The district’s five kitchens—untouched since the late 1960s except to replace broken equipment—have been receiving much-needed renovations, basically completely being gutted and rebuilt from the ground up after floors and walls are demolished, thanks to a bond passed two years ago.
“We are a growing school district and have been feeding students out of closet-sized walk-ins,” says Joy Oram, child nutrition director at Pecos-Barstow-Toyah ISD.
Two kitchens have already received remodels. While construction workers were getting started on the third, Oram received a call from the contractor working on the project.
“The contractor informed me that we missed some things as we cleaned out the kitchen,” says Oram, who has been at the district for just about a year and a half, but by chance was about to get a greater appreciation for the district’s culinary history. “These were things that had been forgotten.”
Soon, she had in her hands a dusty binder and recipe boxes. Inside were old recipes, some possibly mailed to the district by the USDA, and others handwritten. The pages were brittle and marked with tape that had long ago started to yellow and disintegrate.
“It was easy to see which were the popular recipes,” Oram says, referring to the dog-eared and well-loved sheets of paper. She even recognized the handwriting on several of the notes, from a current staff member who was just starting her school foodservice career at the district in the 1980s. “Many of the staff members in my kitchens have been here for several decades.”
Delving into the recipes, Oram found some oddities: strange recipes she deemed “a bit too old fashioned” to make a comeback anytime soon, like lima bean casserole, croquettes and something called “meat-potato-burgers.”
“Then there were recipes that just wouldn’t make it because of the region we live in…shepherd’s pie for instance,” she says.

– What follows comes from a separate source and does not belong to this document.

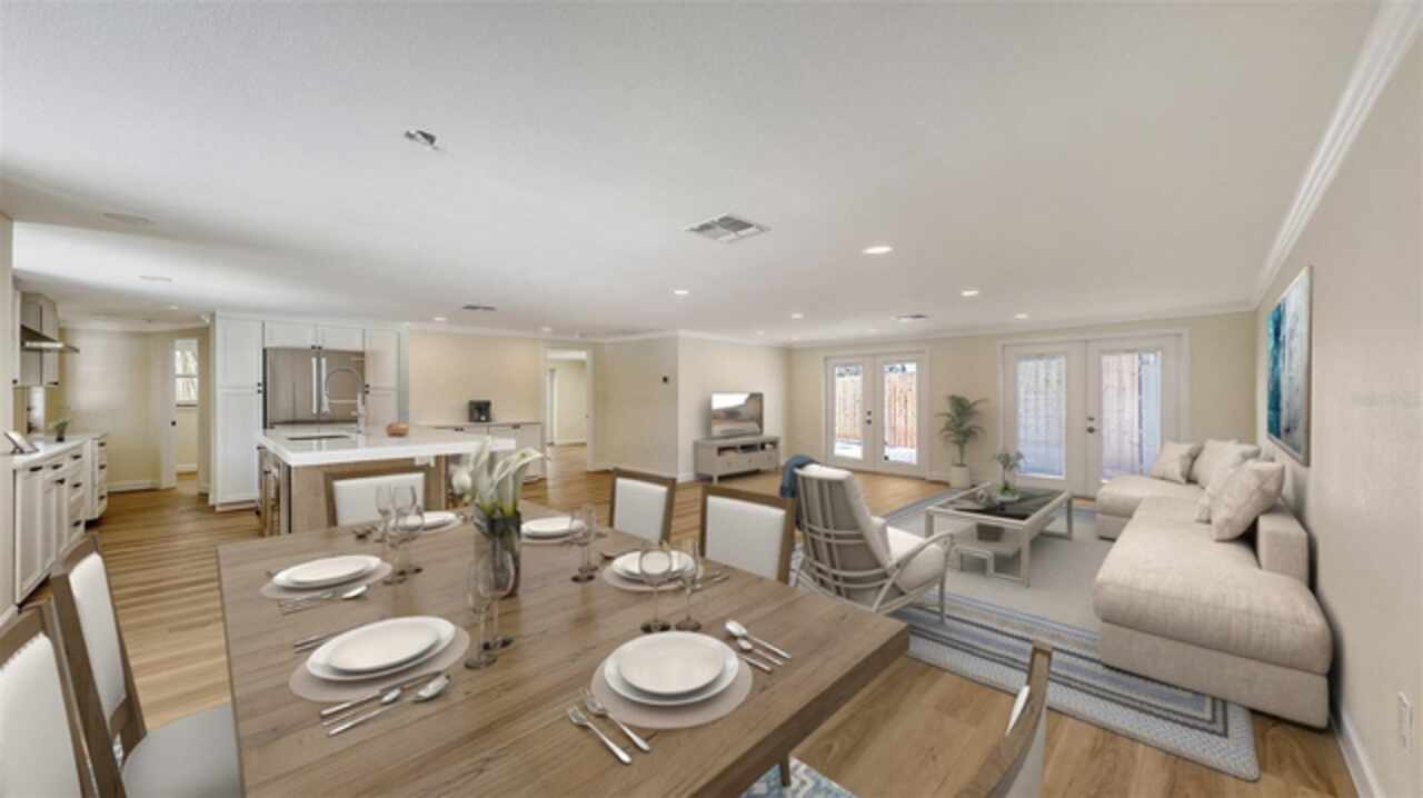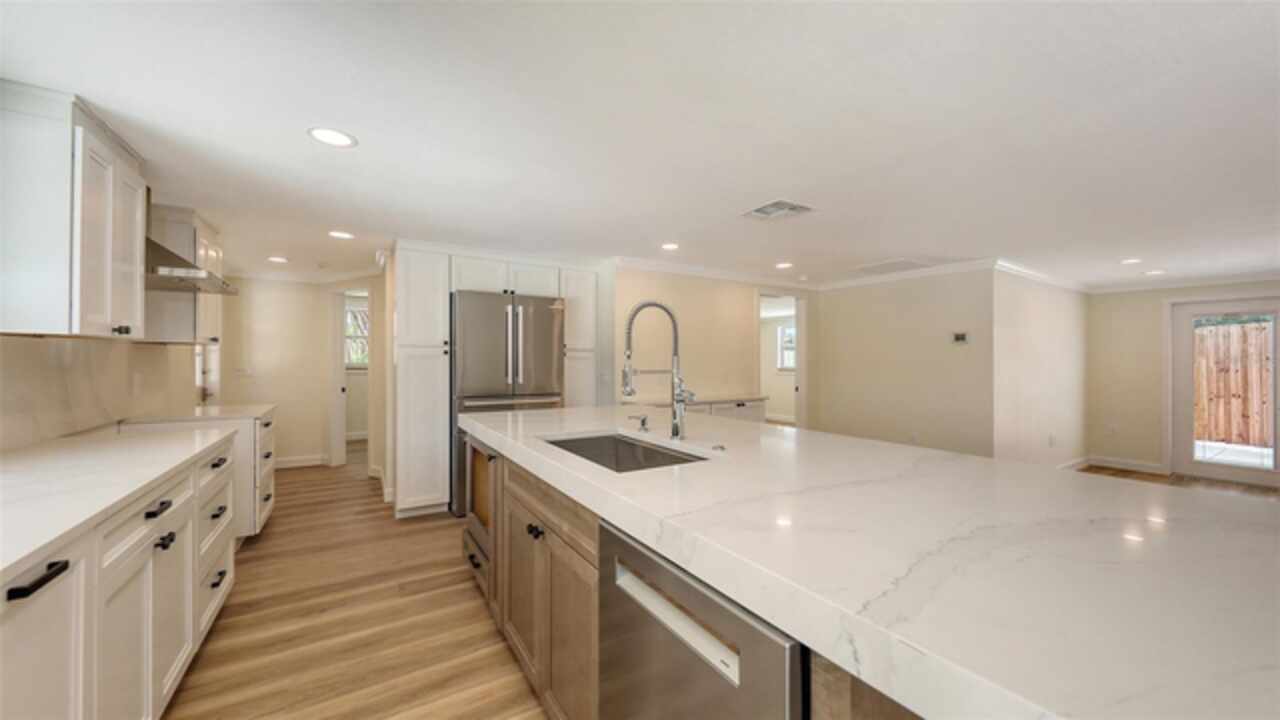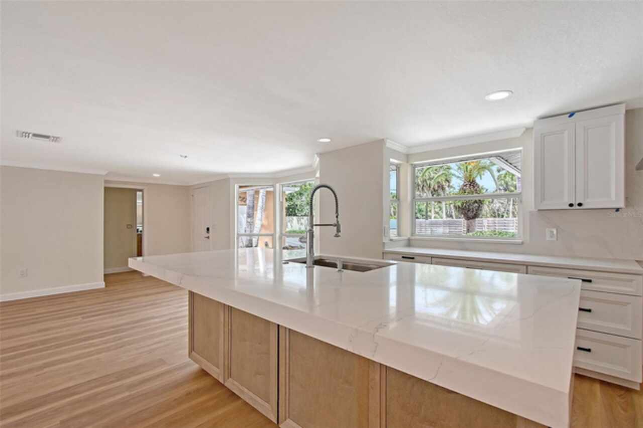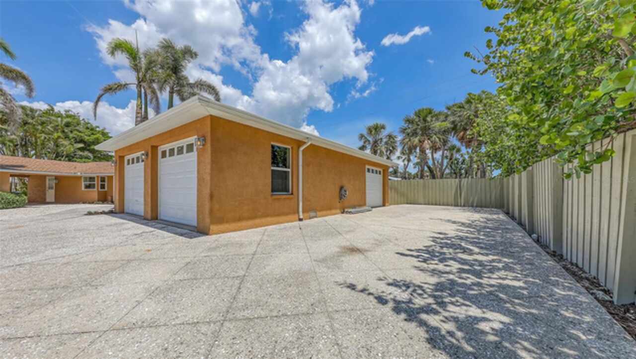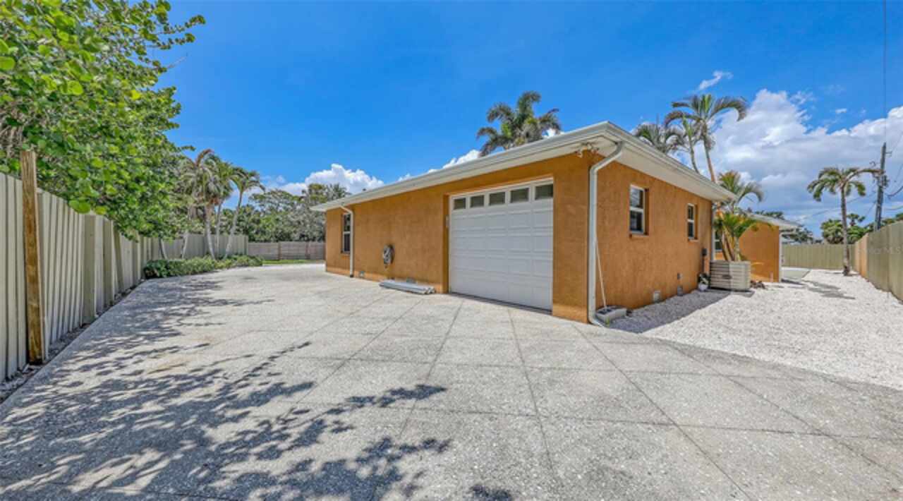 One or more photo(s) has been virtually staged. Gorgeous updated single-story home just a short walk or bike ride away from Crescent Beach / Siesta Key Beach. This stunning move-in-ready home is situated on an expansive 17, 000+ sq ft lot with NO HOA. A detached 4 car garage offers plenty of space to bring your RV, boat, and car collection. Interior upgrades include a brand-new kitchen with oversized center island and stainless steel appliances, new 9' luxury vinyl plank flooring, recessed lighting, new interior and fresh interior paint throughout. Bathrooms have been updated with new cabinetry, lighting, and backlit mirrors. Additional features include impact windows and a roof replaced in 2018. The detached garage is nearly 1, 000 sq ft with three roll-up doors, elevated ceilings, a bathroom, EV charger, 50-amp RV service, RV cleanout connection, and dedicated parking pad for RV or boat. Connected to county water with a private well for irrigation. Plenty of space for a pool, ADU, or future home expansion. Located on a quiet street live your dream of morning beach walks and be minutes to Sarasota’s shopping, dining, and cultural amenities. See Matterport Virtual Tour in 1st link. SELLER FINANCING AVAILABLE with 30% down.

But other recipes proved that current classics aren’t too far from the originals. Beef nachos and beef burrito recipes were very similar to what the district uses now. The scratch bread recipe is the same one that’s made now, part of a project in which employees can buy “angel bread” to feed into the “angel fund” that helps pay of negative lunch balances.
And then, there were some cool new discoveries. Several recipes caught Oram’s eye and will begin testing in kitchens for this coming school year.
“There were so many recipes that sound amazing,” she says. “I can already smell the scratch bread and cinnamon rolls.”
Recipes for beef stew will be making a comeback, as will chili mac ‘n cheese, along with an enchilada casserole and some desserts.